One can also apply new approaches to learn about the relative contribution of the different factors that shaped the genealogical ratio. Notably, as different types of mutations have distinct dependencies on life history parameters but X to autosome ratios corresponding to these types share the same genealogical history, one can make inferences about life history parameters (and the corresponding mutational spectrum) by requiring the same genealogical X to autosome ratio for different types of mutations (Gao, Moorjani et al., in preparation). Specifically, this approach may allow one to learn about the effects of the ratio of male to female generation times on the genealogical ratio. In addition, one could imagine using pairwise sequentially Markovian coalescent (PSMC) based inferences about historical effective population sizes on X and autosomes, to learn about the effects of bottlenecks, e.g., the OoA bottleneck, on the genealogical ratio directly rather than through simulations (cf. (64, 11)). Moreover, it may be possible to extend PSMC to use data from X and autosomes jointly in order to infer historical changes in female and male effective population sizes over time, and examine, for example, if they exhibited dramatic changes during the Out of Africa bottleneck (i.e., to examine the hypothesis of (8)).

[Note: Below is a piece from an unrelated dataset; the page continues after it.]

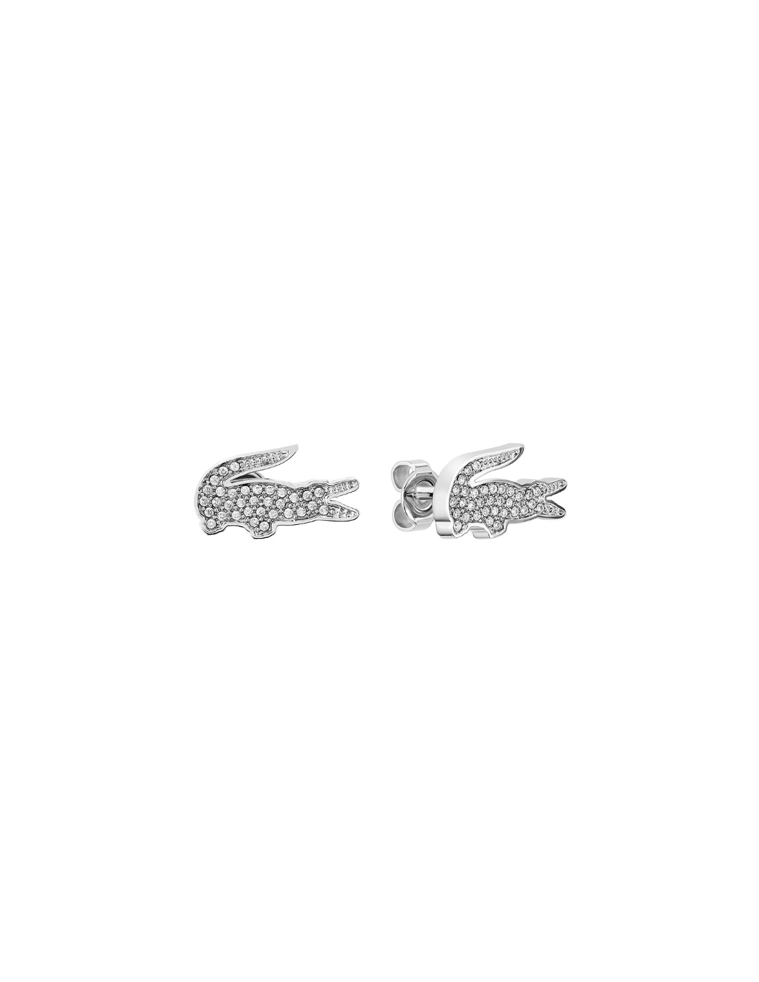 El característico cocodrilo define la colección Crocodile de Lacoste Jewelry, que se basa en el icono de la marca, en estos bonitos pendientes de acero en color plateado con cristales blancos.
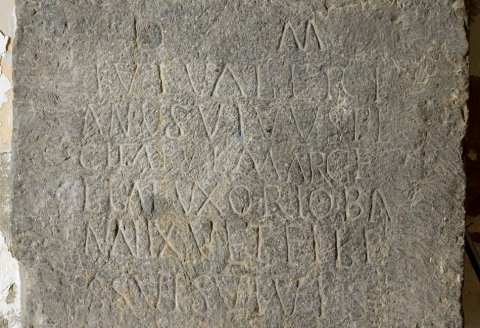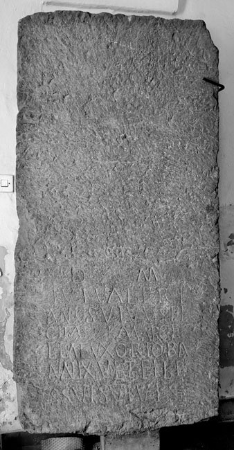 - D(is) M(anibus) / Iul(ius) Valeri/anus vivus fe/cit Apul(eiae) Marce/llae uxori ob(itae) a/nn(orum) LXV et fili(i)/s suis vivis

More generally, all the factors that are thought to affect neutral polymorphism levels on X and autosomes can now be integrated into a coalescent framework, providing a natural way to quantify how their effects combine, and an efficient model from which to simulate. Our results describe how life history factors affect the effective population sizes on X and autosomes in the Kingman coalescent. The integration of other factors then follows from their known descriptions in terms of the coalescent, starting from these effective population sizes. For example, the effects of changes in population size and generation times can thus be integrated as appropriate changes to the effective population sizes on X and autosomes backwards in time. Moreover, the effects of linked selection on relative diversity levels along the genome also follow from their description in terms of the coalescent (e.g., (65−67)), starting from these effective population sizes. Lastly, the effects of life history on mutation can be incorporated in terms of mutational models akin to our hominid model. With the theoretical framework in place, and the data needed to infer the effects of each factor either already present or around the corner, a comprehensive, quantitative understanding of diversity levels on X and autosomes in hominoids and other taxa should be within reach.
Acknowledgements
We thank M. Przeworski for many helpful discussions and comments on the manuscript.